Il se tut et joignit à nouveau les doigts. Fudge, qui ne parvenait pas à masquer sa fureur, lui lança un regard noir. Harry jeta un coup d’œil en biais à Dumbledore, en quête de réconfort. Il se demandait s’il avait eu raison de déclarer au Magenmagot que le moment était venu de prendre une décision. Cette fois encore, Dumbledore resta insensible aux efforts de Harry pour croiser son regard. Il continuait de fixer les juges qui s’étaient lancés dans des conversations fébriles tenues à voix basse.
Harry contempla ses chaussures. Son cœur, qui semblait avoir doublé de volume, battait à tout rompre contre ses côtes. Il avait cru que l’audience durerait plus longtemps et il n’était pas du tout certain d’avoir fait bonne impression. En fait, il n’avait pas dit grand-chose. Il aurait dû expliquer plus en détail ce qui s’était passé avec les Détraqueurs, comment il était tombé, comment Dudley et lui avaient failli recevoir le baiser de la mort…
À deux reprises, il leva les yeux vers Fudge et ouvrit la bouche pour parler mais son cœur dilaté empêchait l’air de passer dans sa gorge et, par deux fois, il dut se contenter de reprendre sa respiration et de contempler à nouveau ses chaussures.
Puis le murmure des conversations s’évanouit. Harry voulut regarder les juges, mais il s’aperçut qu’il était infiniment plus facile de conserver les yeux fixés sur ses lacets.
– Ceux qui sont partisans d’abandonner les charges contre le prévenu ? lança la voix tonitruante de Mrs Bones.
Harry redressa brusquement la tête. Des mains se levèrent, beaucoup de mains… Plus de la moitié ! Le souffle haletant, il essaya de les compter, mais avant qu’il eût terminé, Mrs Bones avait déjà demandé :
– Ceux qui sont partisans d’une condamnation ?
Fudge leva la main. Une demi-douzaine d’autres l’imitèrent. Il y avait parmi eux la sorcière assise à sa droite, le sorcier à la grosse moustache et sa voisine aux cheveux crépus.
Fudge leur jeta un coup d’œil avec l’air de quelqu’un qui a quelque chose de très gros coincé dans la gorge, puis il baissa la main. Après avoir respiré profondément deux fois de suite, il annonça, d’une voix déformée par la rage qu’il s’efforçait de contenir :
– Très bien, très bien… les charges sont abandonnées.
– Excellent, dit vivement Dumbledore en se levant d’un bond.
Il sortit sa baguette magique et fit disparaître les deux fauteuils recouverts de chintz.
– Je dois partir, maintenant. Bonne journée à tous.
Et, sans accorder un seul regard à Harry, il se hâta de quitter le cachot.
9. LES MALHEURS DE MRS WEASLEY
Le brusque départ de Dumbledore prit Harry complètement au dépourvu. Il resta assis dans le fauteuil aux chaînes, partagé entre le désarroi et le soulagement. Les membres du Magenmagot s’étaient levés et bavardaient en ramassant et rangeant leurs papiers. Harry se leva à son tour. Personne ne lui accordait la moindre attention, à part la sorcière-crapaud qui, après avoir si longuement regardé Dumbledore, fixait à présent les yeux sur lui. Il l’ignora et s’efforça de croiser le regard de Fudge ou de Mrs Bones pour leur demander s’il était libre de partir mais Fudge semblait décidé à faire comme s’il n’existait pas. Quant à Mrs Bones, elle paraissait très absorbée par son attaché-case. Il fit donc quelques pas timides en direction de la sortie et, voyant que personne ne le rappelait, se mit à marcher beaucoup plus vite.

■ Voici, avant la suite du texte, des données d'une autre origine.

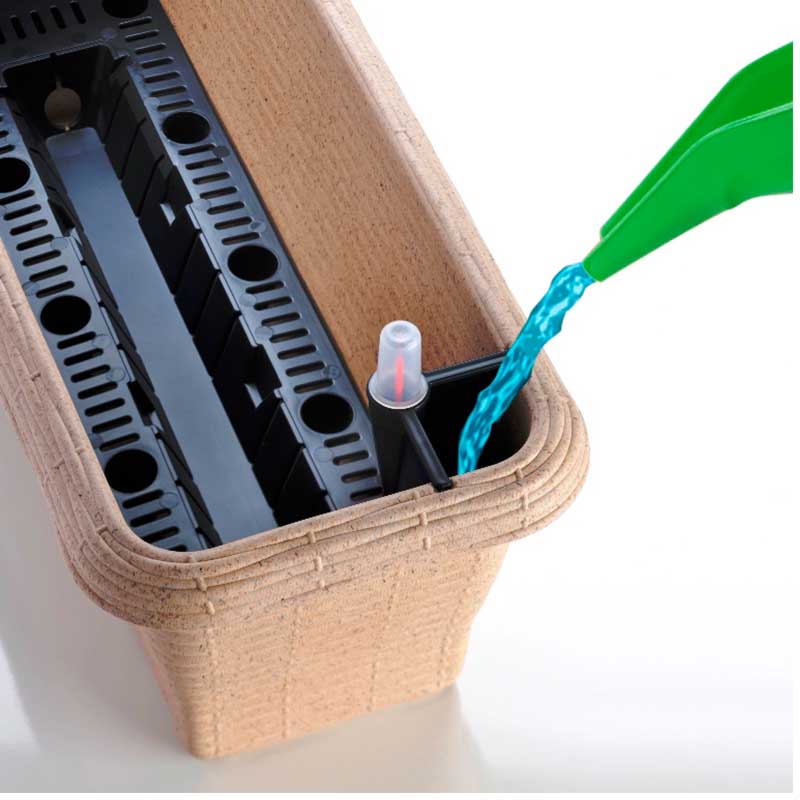 Πλαστική ζαρντινιέρα Ιταλικής παραγωγής, με κομψό σχεδιασμό σε απομίμηση ψάθας. Μεγάλο της πλεονέκτημα είναι ο σύγχρονος μηχανισμός ελέγχου της ποσότητας νερού, ο οποίος λειτουργεί σαν αυτόματο πότισμα δίνοντας στο φυτό την κατάλληλη ποσότητα νερού που χρειάζεται. Κατασκευασμένη από 100% ανακυκλώσιμο πλαστικό, ιδιαίτερα ανθεκτικό στην υπεριώδη ακτινοβολία UV και στις μεταβολές της θερμοκρασίας. Κατάλληλη για εξωτερικούς αλλά και εσωτερικούς χώρους.
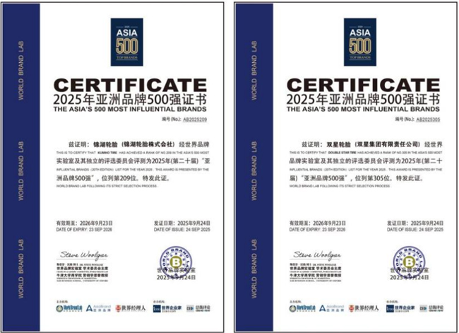 此次锦湖轮胎、双星轮胎蝉联“亚洲品牌500强”并持续提升,彰显了两个品牌在亚洲乃至全球市场的强劲竞争力。

Il parcourut les derniers mètres au pas de course, ouvrit la porte à la volée et faillit se cogner contre Mr Weasley qui se tenait de l’autre côté, l’air pâle et inquiet.
– Dumbledore n’a pas dit…
– Les charges sont abandonnées, annonça Harry en refermant la porte derrière lui.
Le visage rayonnant, Mr Weasley le prit par les épaules.
– Harry, c’est merveilleux ! Oh, bien sûr, il était impossible de te condamner, il n’y avait aucune preuve mais, quand même, je dois dire que je n’étais pas…
Il s’interrompit car la porte venait de se rouvrir. Les membres du Magenmagot sortaient en file indienne.
– Par la barbe de Merlin ! s’exclama Mr Weasley d’un air songeur en écartant Harry pour les laisser passer. Tu as eu droit à la cour au complet ?
– Je crois bien, répondit Harry à mi-voix.